TASK GOAL
Nothing but the lines from the start of the data through the line with "Pop art chandelier" should appear in the answer, each retyped exactly, and pictures should not.

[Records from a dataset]
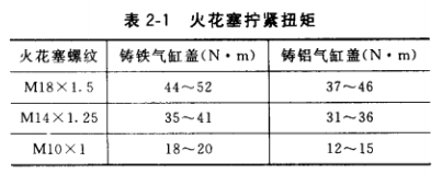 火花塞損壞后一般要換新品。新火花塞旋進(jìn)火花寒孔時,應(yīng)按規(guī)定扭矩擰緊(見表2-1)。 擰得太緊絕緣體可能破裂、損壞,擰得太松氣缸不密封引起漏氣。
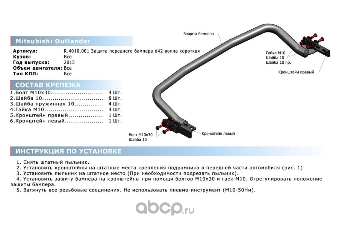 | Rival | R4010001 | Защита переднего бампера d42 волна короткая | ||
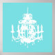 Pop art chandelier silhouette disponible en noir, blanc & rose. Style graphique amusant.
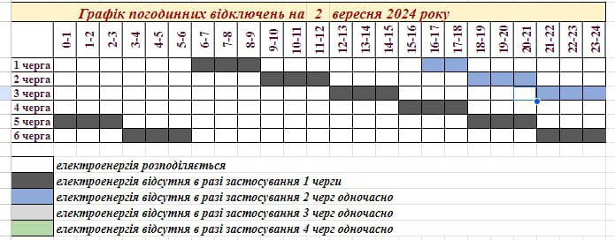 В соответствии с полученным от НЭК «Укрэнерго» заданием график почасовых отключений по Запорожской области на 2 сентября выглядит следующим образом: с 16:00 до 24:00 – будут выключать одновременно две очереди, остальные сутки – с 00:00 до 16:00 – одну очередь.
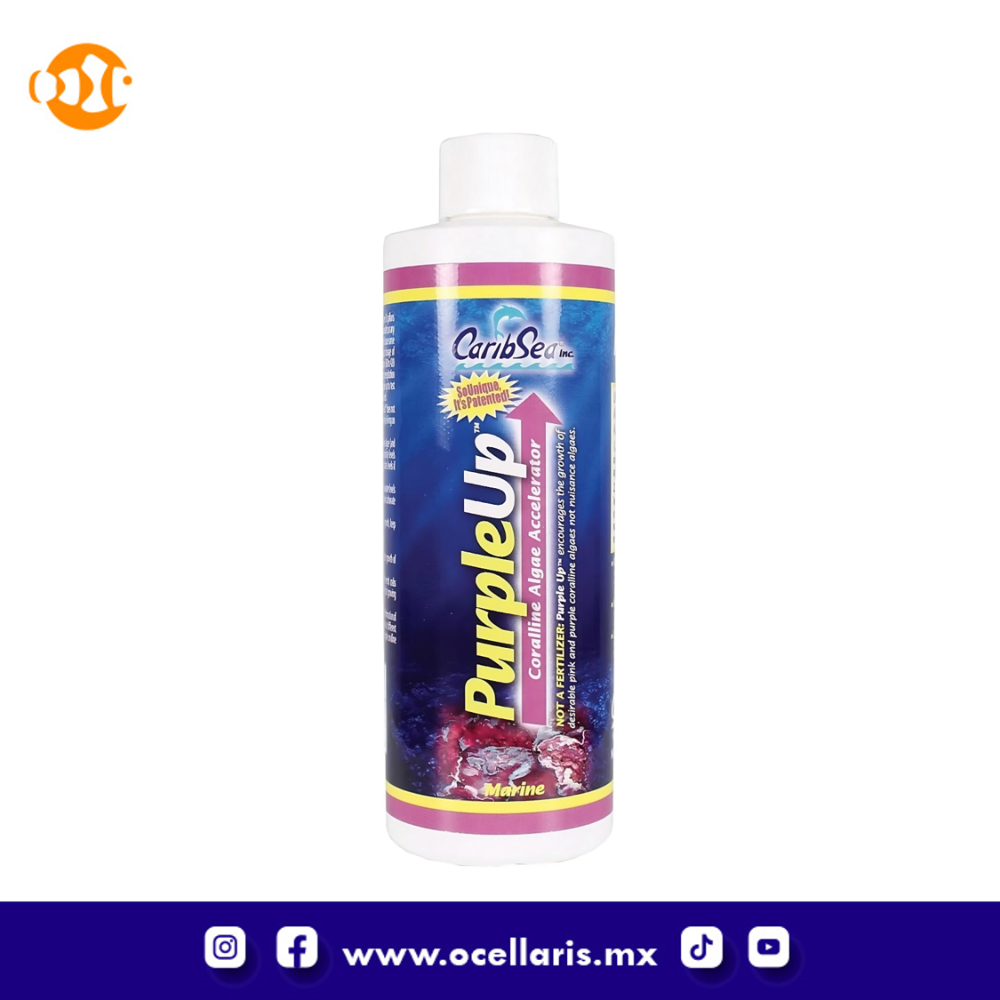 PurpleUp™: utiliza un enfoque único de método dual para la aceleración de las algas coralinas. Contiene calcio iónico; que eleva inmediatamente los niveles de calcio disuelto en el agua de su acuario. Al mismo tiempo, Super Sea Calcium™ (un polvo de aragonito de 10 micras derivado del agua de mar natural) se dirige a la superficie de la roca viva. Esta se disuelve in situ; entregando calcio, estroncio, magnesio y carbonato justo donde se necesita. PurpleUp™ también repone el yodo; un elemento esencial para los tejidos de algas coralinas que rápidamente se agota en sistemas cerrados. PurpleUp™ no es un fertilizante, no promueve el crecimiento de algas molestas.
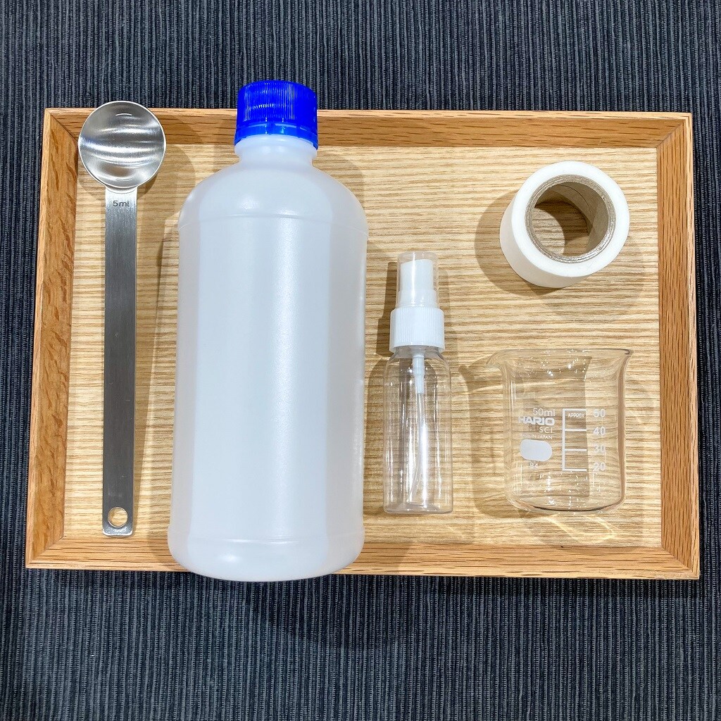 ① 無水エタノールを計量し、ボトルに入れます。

RESPONSE AREA
 火花塞損壞后一般要換新品。新火花塞旋進(jìn)火花寒孔時,應(yīng)按規(guī)定扭矩擰緊(見表2-1)。 擰得太緊絕緣體可能破裂、損壞,擰得太松氣缸不密封引起漏氣。
 | Rival | R4010001 | Защита переднего бампера d42 волна короткая | ||
 Pop art chandelier silhouette disponible en noir, blanc & rose. Style graphique amusant.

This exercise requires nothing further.